Auch der Schweizerische Friedensrat (SFR) hat sich an der Vernehmlassung beteiligt. Wir haben das Schwergewicht auf Grundsatzfragen gelegt, denn das "Armeeleitbild XXI stützt sich auf den Bericht Sicherheit durch Kooperation (Sicherheitspolitischer Bericht 2000) ab, der im Titel zwar eine längst überfällige Neuorientierung der schweizerischen Sicherheitspolitik signalisiert, dessen grösster Mangel aber darin besteht, dass diese nicht wirklich vollzogen wird." Wir fordern deshalb zuerst "die Klärung, welche Ziele mit welchen Kooperationen erreicht werden sollen und können".
Aus unserer Sicht geht es um die Abkehr vom militärischen Sicherheitsdenken und die Ausrichtung auf das Prinzip der kollektiven Sicherheit: "Nicht die ausschliessliche und ausschliessende Sicherheit für ein Land oder Bündnis ist das Ziel, sondern der Aufbau eines Systems des friedlichen Zusammenlebens für alle Länder, Völker und Menschen. Mit diesem Ziel wurde am Ende des 2. Weltkrieges die UNO gegründet." Darauf ist die schweizerische Friedens- und Sicherheitspolitik auszurichten.
Aber selbstverständlich geht es auch um die Frage, welche Kooperationen die Schweiz auf europäischer Ebene eingehen soll. Dabei ist die Schlüsselfrage aus unserer Sicht, wie sich die "Europäische Sicherheits- und Verteidigungspolitik" (ESVP) entwickelt: " ob es ein hierarchisches Gefälle von der NATO zur ESVP geben wird und vor allem, ob sich die ESVP in Richtung eines Militärbündnisses oder einer Militärmacht entwickelt, oder ob sie sich als Instrument zur Umsetzung der kollektiven Sicherheit im Rahmen der UNO versteht. Diese Fragen zur Ausrichtung der europäischen Sicherheitspolitik sind in den nächsten Jahren zu klären. Wenn die Schweiz in diesen Fragen Einfluss nehmen will, so muss sie sich um den Beitritt zur EU bemühen, und zwar nicht irgendwann nach 2010, sondern so bald wie möglich."

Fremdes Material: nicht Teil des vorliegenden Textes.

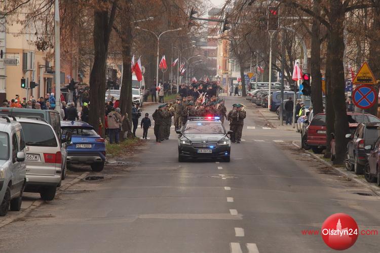 Przemarsz uczestników uroczystości ulicą Mickiewicza w Olsztynie | 11.11.2021
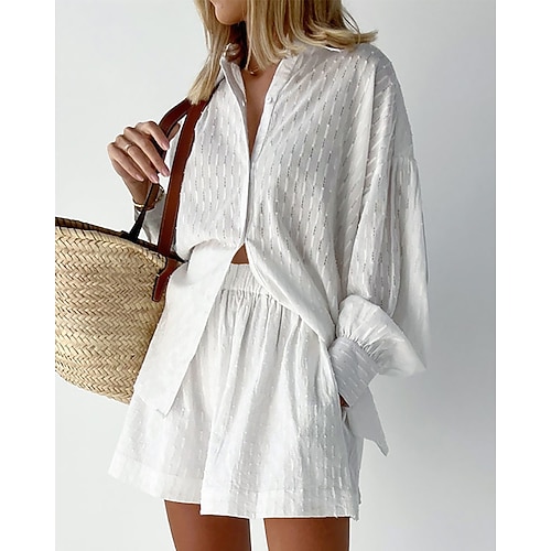 Per donna Streetwear Camicie di cotone e lino Blusa Set di Pantaloni Manica Lunga Girocollo Tinta unica All'aperto Vacanza Nero Bianco Rosso Estate Vestibilità regolare

Die offiziellen Unterlagen zu den Vernehmlassungen sind auf der Homepage des Bundes, die Stellungnahmen der Parteien und des SFR auf den entsprechenden Seiten zu finden:
VBS www.vbs.admin.ch/internet/d/armee/PUB/alb/INDEX.HTM
CVP www.cvp.ch/deutsch/aktuell/text-detail.asp?contentid=964
SVP www.svp.ch/vernehmlassungen/default.htm
SFR www.friedensrat.ch/aktuell.htm
*Ruedi Tobler ist Präsident des Schweizerischen Friedensrates und hat massgeblich an dessen Vernehmlassungen zu "Armee XXI" und Bevölkerungsschutz mitgearbeitet.Gleichzeitig mit der "Armee XXI" lief die Vernehmlassung zum "Leitbild Bevölkerungsschutz", praktisch unbeachtet von der Öffentlichkeit. Das offizielle Projekt ist zwar viel stärker auf zivile Katastrophen als bisher ausgerichtet. Dennoch soll für den Zivilschutz sowohl die Dienst- wie die private Bunkerbaupflicht aufrecht erhalten werden. Die SPS und der Schweizerische Friedensrat fordern dezidiert die Abschaffung des Zivilschutzes. Dem gegenüber möchte die CVP, dass "die Frage eines umfassenden Dienstpflichtsystems erneut geprüft werden sollte". Die Positionen für die Auseinandersetzung um Wehr- und Dienstpflicht sind also bezogen.